City to Shore finishers!

The ride is a two-day event and we had originally planned to camp beach-side upon our arrival in Ocean City.  After a week of rainy-weather forecasts we booked a hotel room at the last-minute.  This meant less gear to schlep with us so when the alarm went off at 4:00am on Saturday morning the bikes were already packed and ready to go.  We set off through empty city streets toward the light rail that would take us to the start line.  We had a quick pit-stop at the 24-hour convenience store to pick up coffee drinks (have YOU ever tried to bike at 4:00am without caffeine??)  We shared the train car with several other cyclists and more got on at each stop.

We're going to do what now?

The starting line was conveniently located at the Cherry Hill train station’s massive parking lot.  Bright street lights pierced the pre-dawn darkness, thousands of cyclists milled about waiting for the start and the line for the porta-potties seemed to stretch on forever.  We had arrived early enough to join the first wave of “century cyclists”– people like us who wanted to add an extra 25 mile loop to their day to bring that day’s mileage up to 100 miles.  Unfortunately the aforementioned line prevented us from setting off early so we ended up waiting at the head of a mess of about 6,500 cyclists for the “official start”.  As we waited in the fairly quiet queue we heard someone’s over-inflated tire burst with an impressive “PSSSSSSSSSSST”, bummer!

Sunrise at the starting line

Waiting to roll

Finally we were on the road at the official start time of 6:40am.  The route wound through sleepy Cherry Hill neighborhoods and into the countryside.  We slipped past fields still blanketed in mist, a cloudy sky preventing the sun from peeking out to burn off the morning dew.  The miles seemed to fly by quickly and I gleefully called out each mile marker.  We soon pulled into the first rest stop for a potty break and some breakfast.

The Whiz Palace

Feeling energized from some bananas and Cliff bars we almost decided to skip the next rest stop to keep our rhythm up.  But as we breezed past the rest stop entrance I heard a volunteer shouting “THIS IS THE LUNCH STOP!”  I’m not one to pass up free lunch so we quickly pulled over to scope it out.  There were huge tents set up with boxes and boxes of prepared sandwiches, ants-on-a-log and fruit.  Another tent had freshly grilled chicken sandwiches and all the fixin’s.  Normally I would have gone crazy on all this good stuff but it will still only 9:30am and a chicken sandwich did not sound appealing.  So I grabbed some stuff to eat later while Pat the “Iron Stomach” Kelley inhaled two chicken sandwiches.  We both grabbed a few extra Cliff bars, a habit that would continue throughout the ride.

9:30am "lunch"

The next dozen miles rolled past easily on the mostly flat course.  We flew past NJ’s famous blueberry fields, some of which are surrounded by gigantic Jurassic Park-style fences.  I made pterodactyl noises for a few miles to entertain us.  Soon we found ourselves at the turn-off for the Century Loop.  The loop was scheduled to close at 11:00 but we were there with plenty of time to spare and we eagerly turned off to join the “hardcore” cyclists.  As we chugged along I noticed that there were very few ladies on the Century Loop.  C’mon girls!

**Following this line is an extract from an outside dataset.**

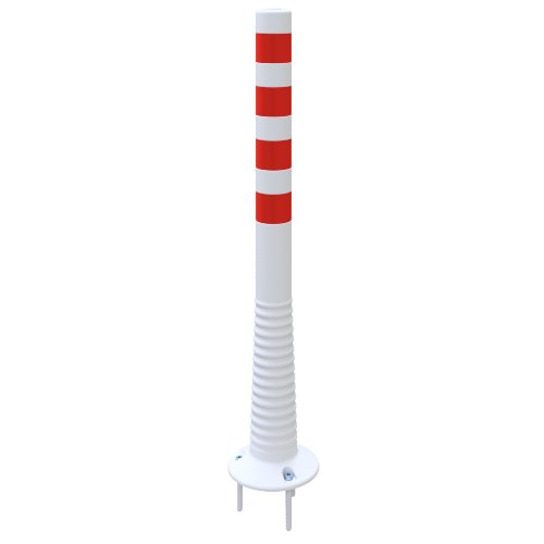 Der selbstaufrichtende Flexipfosten besteht aus weißem PUR und eignet sich für die dauerhafte Bodenmontage. Mit 1000 mm Höhe und einem zylindrischen Schaft von Ø 80 mm bleibt er gut erkennbar, ohne viel Stellfläche zu beanspruchen. Das Material verformt sich bei Anstoß elastisch; der Pfosten neigt sich und kehrt anschließend in seine Ausgangslage zurück. Vier umlaufende, rot reflektierende Streifen erhöhen die Sichtbarkeit bei Dunkelheit und unter Scheinwerferlicht und bieten eine 360°-Erkennung. Die helle Oberfläche unterstützt die Wahrnehmung am Tag. Die Befestigung erfolgt auf festem Untergrund; drei Schrauben und passende Dübel sind im Lieferumfang enthalten. Die Montage über drei Befestigungspunkte sorgt für eine sichere Verbindung zum Boden, vorausgesetzt, der Untergrund ist fachgerecht vorbereitet. Farbe, Maße und Ausführung ermöglichen eine klare optische Abgrenzung, ohne ein starres Hindernis zu bilden. Durch den schlanken Ø-80-mm-Querschnitt lässt sich der Pfosten platzsparend anordnen.

Feel the burn! 45.5 miles to go!

There was a really nice rest stop on the Century Loop.  Kids enthusiastically filled our water bottles and handed out energy bars.  There was a feeling of camaraderie but also pending exhaustion among the cyclists.  I ate my lunch and felt instantly better.  We picked up some “Century Cyclist” patches and hit the road again.  After 15 more miles we were dropped back onto the regular route.  At first I thought I was having deja vu but then realized we had joined the regular route a few miles BEFORE the Century Loop turn off.

We're feeling OK!

People clog the entrance chute of the next rest stop where we turn off to get more water.  I noticed that the “elite” riders were also the most discourteous riders all day.  One team in particular, The Flamers, seemed to think they were especially entitled to not follow the race rules.  It was disappointing but luckily most cyclists just wanted to have a nice time like us!  After a very quick stop we hit the road again, determined to get into Ocean City around 3:00pm.

The miles seemed to somehow become longer and I started to get that feeling like I was riding through Jell-O.  As we rounded a curve I felt my front tire slip and thought that I must really be getting exhausted.  I convinced Pat to stop at the final rest stop so I could re-group.  As we pulled in I realized my “exhaustion” was caused by a flat front tire!  Fortunately the ride provided free mechanical service at all the stops.  20 minutes and one new tube later we were ready to hit the final stretch!  Words cannot express how happy I was to discover that flat at the rest stop and not on the side of the road.  From mile 1 we had seen cyclists with their wheels up, fixing a flat or waiting for help.  Most of them were little skinny road bike tires that had been over-inflated.  Gotta love those weekend cyclists!

FLAT!

A nice mechanic fixing bikes

As the last 9 miles slowly disappeared behind us we started seeing more and more supporters on the roadsides.  A group of kids waved homemade signs and cheered for us, a little girl sat on her bike at the end of her driveway yelling “GO! GO! GO!” and a boy scout troop handed out free lemonade at their own impromptu rest stop.  My weary legs felt a burst of energy from all these kind people showing us that they knew we could make it.

Ocean City neared and I started hearing grumbling in the ranks about “the bridges.”  As in: “save your energy for THE BRIDGES” or “last year I couldn’t make it over THE BRIDGES”.  I would be lying if I didn’t say I was a little concerned.  But I put it out of my mind, no way I was taking a SAG wagon ride at this point!  I could smell the salt water in the air and my bum longed for a stretch so on we pushed.  The line of riders jammed up at a series of stop lights and we found ourselves in a holding pattern for about 20 minutes.  Pat played the defence with his pannier- keeping stupid cyclists from whizzing past the stopped line of bikes (to go where, exactly???).  Soon enough I could see the dastardly bridges in the distance.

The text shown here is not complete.